*** Opening of EXERCISE DATA ***

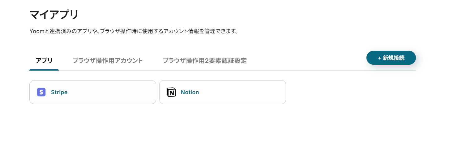 マイアプリ画面にStripeも追加されていれば、このフローで使用するアプリのマイアプリ登録は完了です。
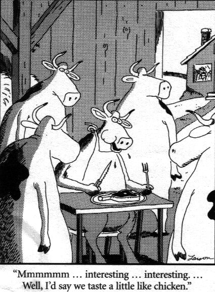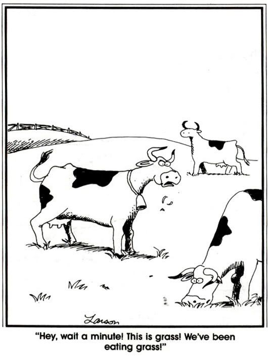 Of course the biggest difference between Real Butter and that phony stuff is cows or the lack of them. Cows are warm and cuddly. And they’re fun. Just ask Gary Larson.
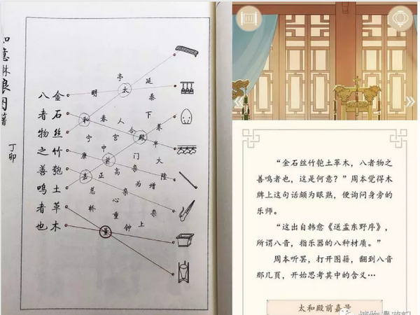 点击上图中不同乐器可听到声音,根据书中对乐器的介绍,按乐器材质连线可得到答案“太和殿前嘉量”。
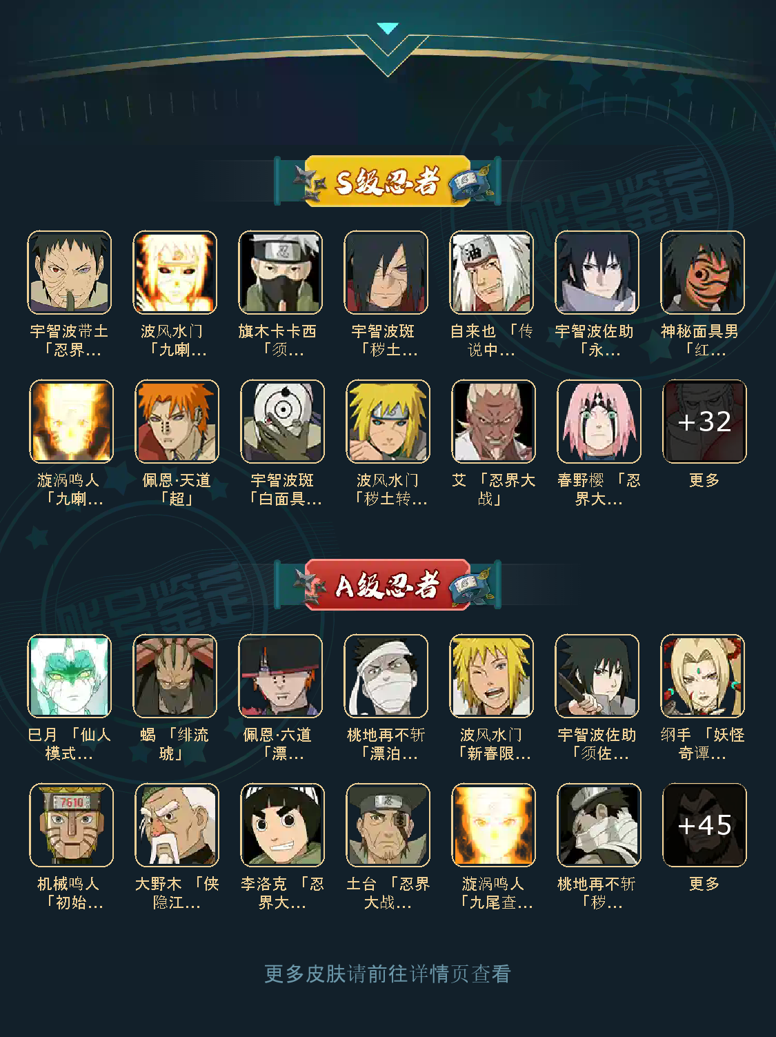 45S 57A 294忍者 妖怪纲手/桃地再不斩「漂泊武士」/蝎 「绯流琥」/佩恩·六道 「漂泊浪客」/波风水门「新春限定」/神秘面具男 「红夜之刃」/宇智波斑 「秽土转生·解」/自来也 「传说中的三忍」/波风水门「秽土转生」/漩涡鸣人 「九喇嘛连结」/宇智波斑「白面具」/宇智波带土「忍界大战」/宇智波佐助 「永恒万花筒」/佩恩·天道「超」/旗木卡卡西 「须佐能乎」
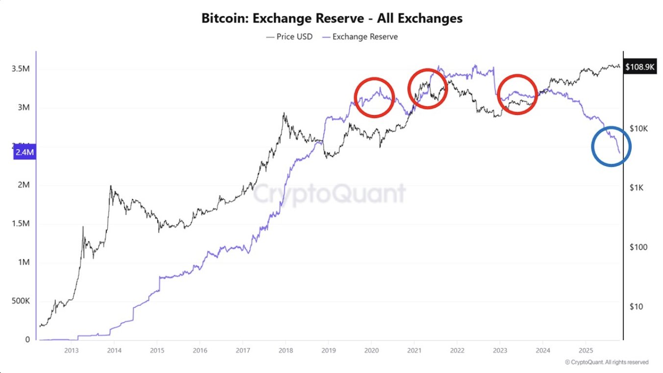 In the 2017 and 2021 bull markets, reserves surged just before major corrections, as marked by the red circles on the chart. However, in 2025, reserves have hit their lowest level in years, represented by the blue circle, indicating that holders are unwilling to sell even during periods of heightened volatility.
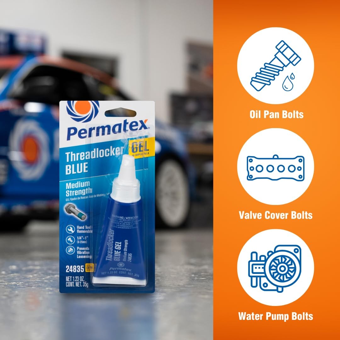 Permatex 24835 Blue Gel Medium Strength Threadlocker: Prevents Loosening Corro
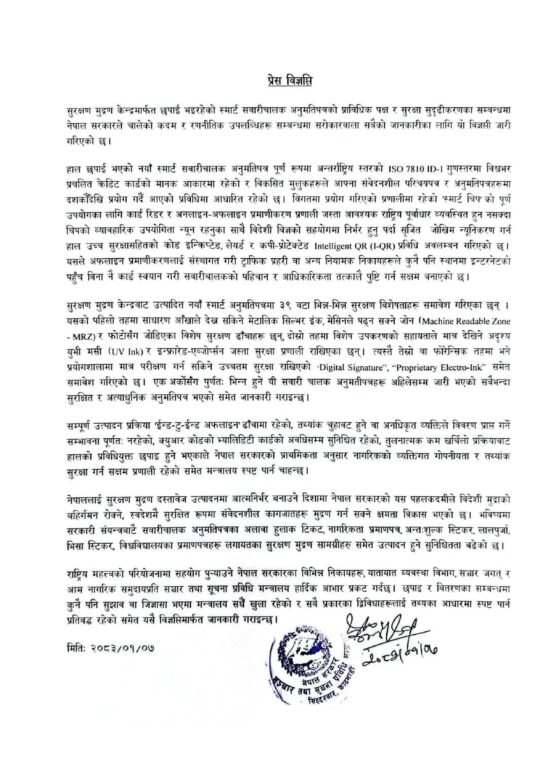 सरकारले जेन–जी आन्दोलनयता मात्रै केन्द्रबाट लाइसेन्स छपाइ थालेको हो । ‘हाल छपाइ भइरहेको लाइसेन्स अन्तर्राष्ट्रिय स्तरको आईएसओ ७८१० आईडी ९१ गुणस्तरको रहेको छ । जुन विकसित मुलुकले दशकौँदेखि प्रयोग गर्दै आएको प्रविधिमा आधारित विश्वभर प्रचलित क्रेडिट कार्डको मानक आधारमा तयार पारिएको छ,’ विज्ञप्तिमा उल्लेख छ ।
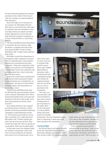 the boxes from the product the customer purchased in the vehicle. The tour provides the customer an understanding of these practices.” Due to the high cost of insurance to use a loaner car, McCumber does not offer that as a service but does offer rides to customers who are traveling to a location that’s within ten minutes of either facility. Offering free services like this helps build the company’s reputation as a brand, which doubles as a marketing strategy. “We spent $4,000 this [past December] on Facebook. We don’t invest in Yelp, but there’s a company down the street that spends $1,000 a month on Yelp,” McCumber said. “Google works and Facebook rocks.” McCumber stressed the importance of selecting the right companies to partner with for marketing due to the deceptive practices he’s encountered with some companies. “Yelp used competitors’ information to try and win over SoundsGood. I immediately went to my competitor and told them about this. I don’t work with them for that reason.” Aside from social media, SoundsGood’s staff attend several automotive-related shows during the year, including five car audio shows. The idea is to show off the company banner and sell product at a loss to help a cause. “We give away $100 Bluetooth units for $20 with the proceeds going to breast cancer research,” McCumber said. “We’ve sponsored baseball teams in the past and conducted food drives. But mostly, we’ve done the giveaways for breast cancer research.” For existing customers, the company uses Businessworx newsletters, which provide closed-loop automated marketing campaigns to help bring back customers. “All customers get emailed a survey after a purchase. It’s a really good tool,” McCumber said. “I believe people who come into my stores are my boss. Why would I piss them off? They are giving me my paycheck. That’s just my philosophy.” In that same sense, the company limits the number of campaigns it does each year to avoid wearing out its welcome and ensures it’s not losing money on its
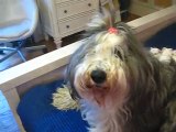 old english sheepdog with guinea pig babies

*** Close of EXERCISE DATA ***

## PROMPT
What is needed is an exact retyping of the lines from the start of the data through the line with "45S 57A 294忍者", with both end lines kept and every picture left out.

## TASK SOLUTION
 マイアプリ画面にStripeも追加されていれば、このフローで使用するアプリのマイアプリ登録は完了です。
 Of course the biggest difference between Real Butter and that phony stuff is cows or the lack of them. Cows are warm and cuddly. And they’re fun. Just ask Gary Larson.
 点击上图中不同乐器可听到声音,根据书中对乐器的介绍,按乐器材质连线可得到答案“太和殿前嘉量”。
 45S 57A 294忍者 妖怪纲手/桃地再不斩「漂泊武士」/蝎 「绯流琥」/佩恩·六道 「漂泊浪客」/波风水门「新春限定」/神秘面具男 「红夜之刃」/宇智波斑 「秽土转生·解」/自来也 「传说中的三忍」/波风水门「秽土转生」/漩涡鸣人 「九喇嘛连结」/宇智波斑「白面具」/宇智波带土「忍界大战」/宇智波佐助 「永恒万花筒」/佩恩·天道「超」/旗木卡卡西 「须佐能乎」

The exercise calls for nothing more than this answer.